Stevens concurs that Nesselrode takes its name from Count Karl Nesselrode but adds that he was “A German by heritage who nevertheless served as foreign minister to the Russian Czars for most of his career”. She also agrees that Nesselrode, described as “an iced pudding” was actually created by Nesselrode’s chef, almost certainly during the Congress of Vienna in 1814-15, convened after Napoleon’s first abdication.

“The Congress of Vienna,” writes Stevens, “set out to redraw the map of Europe as if Napoleon had never existed. It could not be done, of course; the delegates might as well have tried to put Humpty Dumpty together again. But the foreign ministers of the leader European powers did manage to hammer out a whole string of treaties based on balance of power that gave Europe a hundred years of relative peace….”

Stevens says that a number of dishes in classic cuisines were named for Nesselrode, mostly soups, “but few, if any besides the elegant ‘pudding’ still appear on menus today”.

(I’d be curious to learn where in the world anything Nesselrode appears on a menu today).

And now you know the rest of the story!

Happy Cooking!


One response to “Nesselrode WHAT?

  1. Ah, Chili.

    Since I have lived at least half of my life on Long Island (New York), I make something that I personally call “Long Island Chili.”

    By percentage, there’s a huge population of Italian-Americans on Long Island, and Italian ingredients sneak into many dishes — even my Chili.

    As my dear friend John, who is Italian-American, always has said, “On Long Island, everyone is Italian by consumption.”

    On Long Island, there’s lots of fusion cuisine as well and, in addition, people always are concerned about diet; calories and health. I do notice that, as to this last, there’s more talk than actual discipline.

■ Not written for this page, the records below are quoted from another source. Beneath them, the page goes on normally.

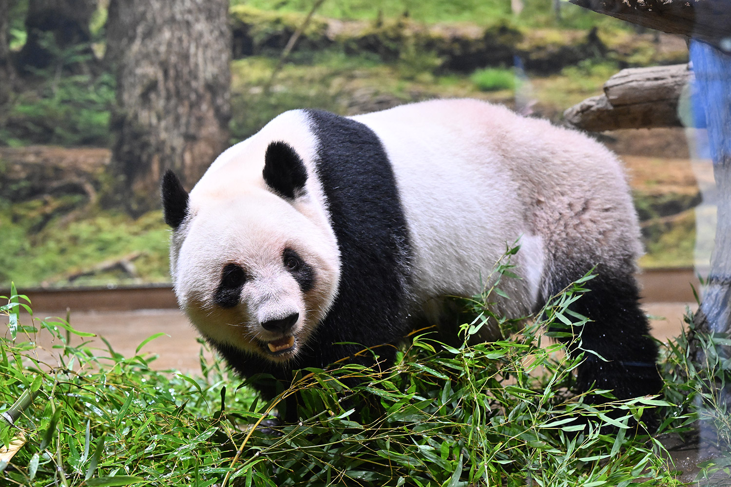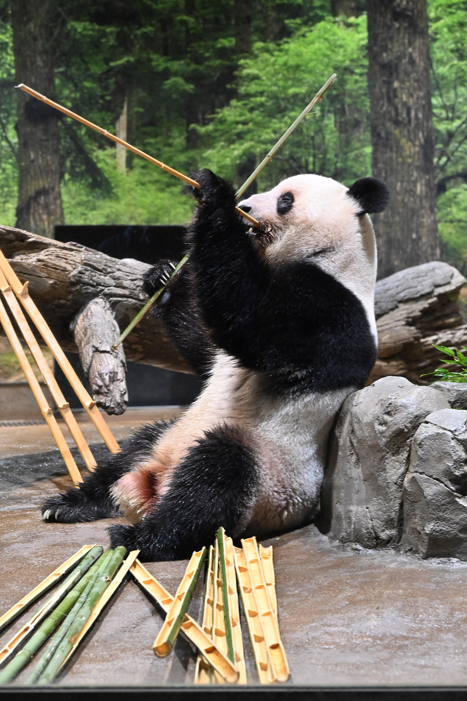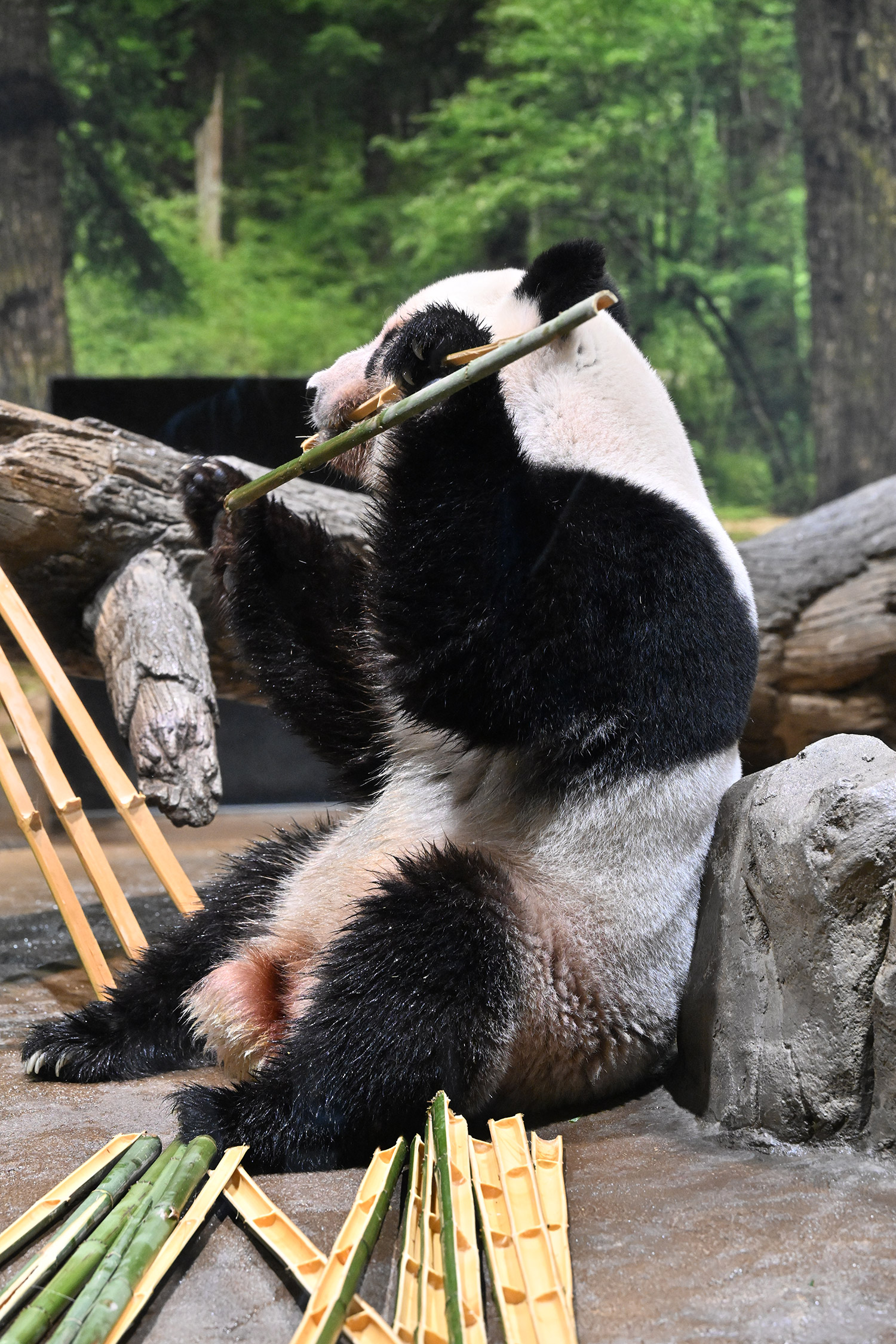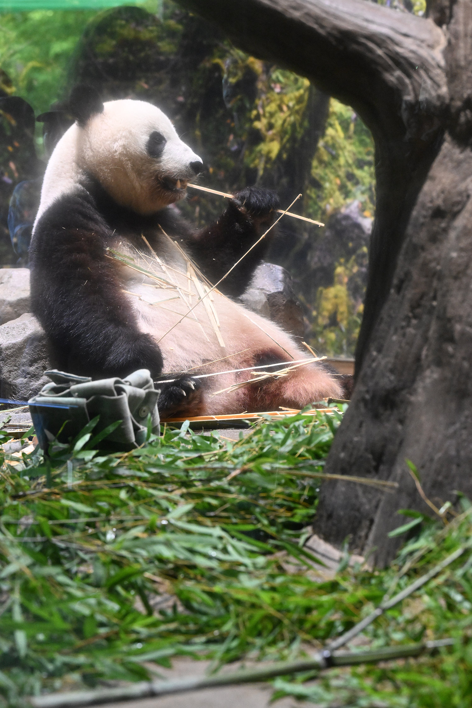 ふたりのお部屋に竹がきれいに並べられ。飼育員さん、いつも新鮮な竹ふんだんに…ありがとうございます!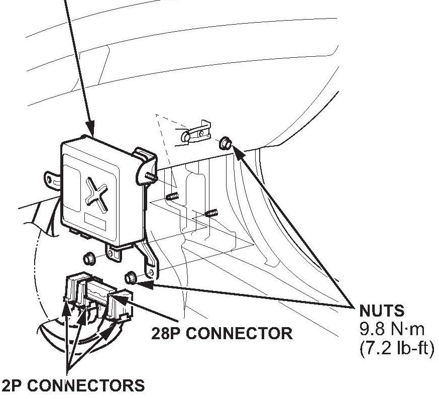 6. Install the new EPS control unit, torque the three mounting nuts to 9.8 N.m (7.2 lb-ft), and reconnect the connectors.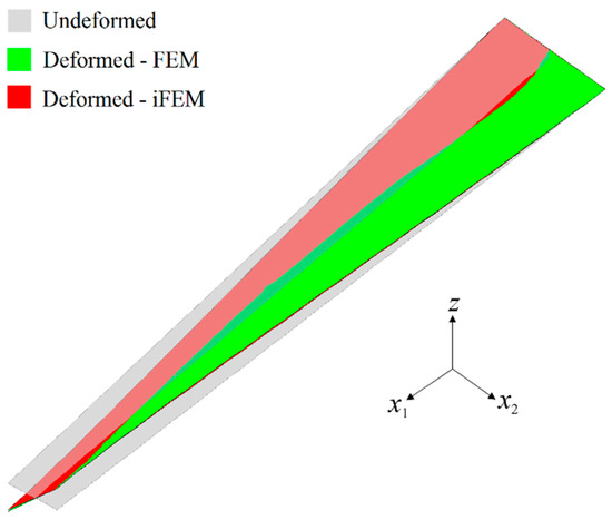 Three-dimensional shape sensing for bending scenario: comparison between the high-fidelity FEM analysis and iFEM analysis of VS configuration.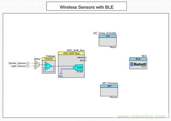內(nèi)置BLE功能的處理器的靈活性和豐富資源,使傳感器能夠與單一BLE設(shè)備連接。圖2是使用PSoC Creator的典型配置。PSoC Creator是一個用于圍繞PSoC架構(gòu)開發(fā)應(yīng)用程序的IDE。圖中顯示的是模擬和數(shù)字傳感器接口以及BLE子系統(tǒng)。該配置展示的是用于感測煙霧、光照強(qiáng)度、溫度、濕度和壓力的典型工業(yè)數(shù)據(jù)監(jiān)測系統(tǒng)。配置中的每個組件都有一個關(guān)聯(lián)的應(yīng)用程序編程接口(API),開發(fā)人員可根據(jù)需要訪問這些組件。每個組件還有一個與其相關(guān)的數(shù)據(jù)表對組件的可用配置進(jìn)行說明。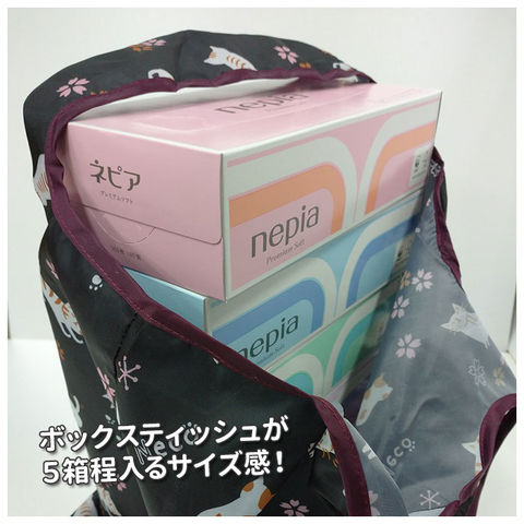 | 商品説明 | 肩にかけて重たい荷物も楽に運べる♪猫のイラストが特徴の可愛いエコバッグ!日常のお買い物に便利な大きさ、ボックスティッシュが5箱程入る〇くるくる丸めてゴムで留めれば、コンパクトに折りたためてメインバッグに入れても邪魔にならない。お世話になった方へのプチギフトにおすすめの可愛いデザイン♪ |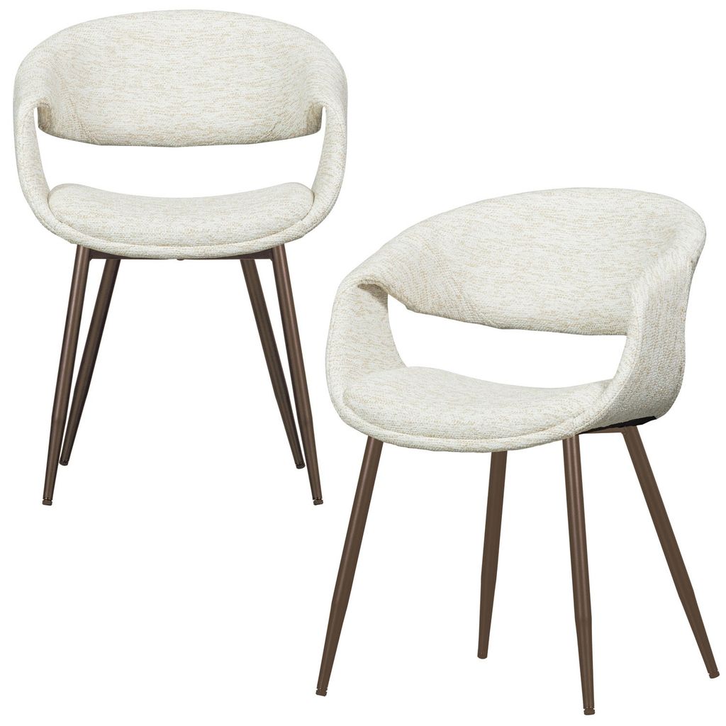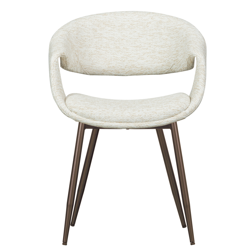 De stabila metallbenen har en elegant kopparfinish, vilket ger en sofistikerad touch till helheten. Stolen är utformad för komfort, med en ryggstöd och sits som inbjuder till långa, trevliga middagar.

    I know that there’s always been a controversy about the beans. Some people say that, without beans, it’s just a Sloppy Joe mix. Others say that the original Chili had no beans.

    To try to satisfy everyone, I do add some beans, but probably a lesser proportion than other cooks might.

    For the meat — here’s the Italian part; also fusion — I add Italian Sweet Pork Sausage, well-cooked and drained of fat, and ground dark meat turkey. The turkey makes the dieters happy.

    Then, the recipe is pretty conventional: An amount of fresh garlic that might seem excessive, finely minced … a couple of Spanish onions, chopped … a bell pepper, chopped; I do not favor the green peppers, so I use a red or yellow bell pepper … cumin, chili spice, oregano and lots of hot pepper, flakes and sauce. And three large cans of Roma tomatoes, drained. I do reserve the liquid from the cans.

    I make it in my wok — there’s more “fusion” — where it cooks down in about a half-hour. If it cooks down too quickly, I add back some of the tomato liquid. If it’s still too thick, later in the cooking, I add beer.

    To serve, I offer minced raw onion, shredded mozzarella cheese, which melts right in — ah, that’s Italian — and dairy sour cream to be stirred into the bowls of those who think my Chili is too hot.

    I also offer a variety of condiments, sort of as they do at an Indian restaurant. (More “fusion.”) I always have sliced jalapeno peppers for anyone who thinks the Chili is not hot enough … pitted, sliced black olives … tortilla chips … shredded iceberg lettuce … well, use your imagination. The toppings make it more fun.

    And I serve it with cornbread, often baked with some Cheddar Cheese, and brownies for dessert. After all, chocolate beans and chili peppers basically came from the same place to start.

    Even the most serious Chiliheads love my Chili!